I think the summary is that DWARF5 got a lot of ways to store a string :)
Comment 6 Tom Tromey 2021-03-28 16:15:25 UTC
(In reply to Mark Wielaard from comment #5)

> It is clear, I just don't know enough about the index cache to understand
> which design makes most sense. It seems for strings you need some way to
> tell which section they came from, either .debug_string [ ... ]

The issue is that .debug_names can only reference strings from .debug_str.
Quoting from DWARF 5:

  The string offsets in the first array refer to names in the .debug_str (or .debug_str.dwo ) section.

So, if gdb tries to create a new index, and it needs a string that isn't in
.debug_str for some reason, then it must have a way to add a string to that section.

Now, currently this happens a lot, because gdb puts the wrong names into the index.
However, it's possible for this to happen even when gdb is changed to work correctly,
because nothing guarantees that some DIE's name attribute will be in .debug_str.

> These could be addressed using the length of the main .debug_str
> as a base, to make it easy to tell which section to consult.

It turns out gdb already does this.  Which Simon mentioned originally and
I somehow neglected to read and/or understand.

So I think what should probably happen is:

* Change the DWARF 5 index writer to use BFD to create a new file
  that has .debug_names and .debug_str (and maybe .debug_aranges) sections;
* Write only the newly-needed strings to .debug_str (what gdb already does, essentially);
* Change the index cache reader to know to use the extended .debug_str when
  necessary

I think this would make DWARF 5 index cache management work the same as .gdb_index.
It would require some tweaks to gdb-add-index and to the manual.
Comment 7 Tom Tromey 2021-03-28 19:41:42 UTC
> * Change the DWARF 5 index writer to use BFD to create a new file
>   that has .debug_names and .debug_str (and maybe .debug_aranges) sections;
> * Write only the newly-needed strings to .debug_str (what gdb already does,
> essentially);

I've done this part.
Comment 8 Tom Tromey 2021-03-29 15:51:26 UTC
> It would require some tweaks to gdb-add-index and to the manual.

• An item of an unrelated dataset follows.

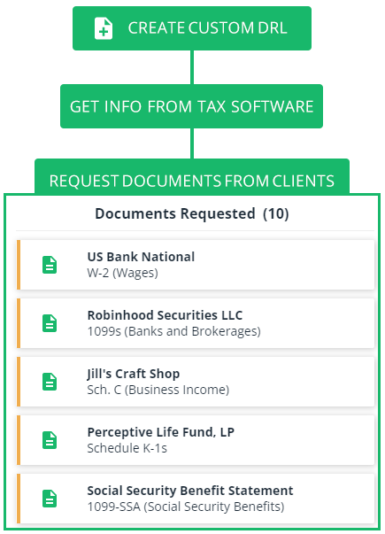 Creating Custom DRL (Document Request List) lets you automate the task of requesting tax documents from your clients based on the proforma information in the tax software. Each client can upload their own requested documents when they log in.
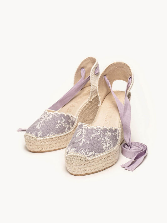 Romero Cuña Alta Vaquero Bordado Lila

It occurs to me that the new single-file mode could be used by
the index cache, but the "save" command could continue to work
the current way, so that these changes aren't needed.
Comment 9 Tom Tromey 2022-04-22 18:36:50 UTC
If .debug_aranges is missing from the main file,
then the writer has to create that as well.
Otherwise, it won't work when reading the index.
Comment 10 Tom Tromey 2022-09-20 22:41:10 UTC
(In reply to Tom Tromey from comment #9)
> If .debug_aranges is missing from the main file,
> then the writer has to create that as well.
> Otherwise, it won't work when reading the index.

I tend to think now that this should be a separate bug.
It is pre-existing after all.
Comment 11 Tom Tromey 2023-12-10 15:51:44 UTC
(In reply to Tom Tromey from comment #7)
> > * Change the DWARF 5 index writer to use BFD to create a new file
> >   that has .debug_names and .debug_str (and maybe .debug_aranges) sections;
> > * Write only the newly-needed strings to .debug_str (what gdb already does,
> > essentially);
> 
> I've done this part.

I lost this patch somewhere but it's not difficult to rewrite.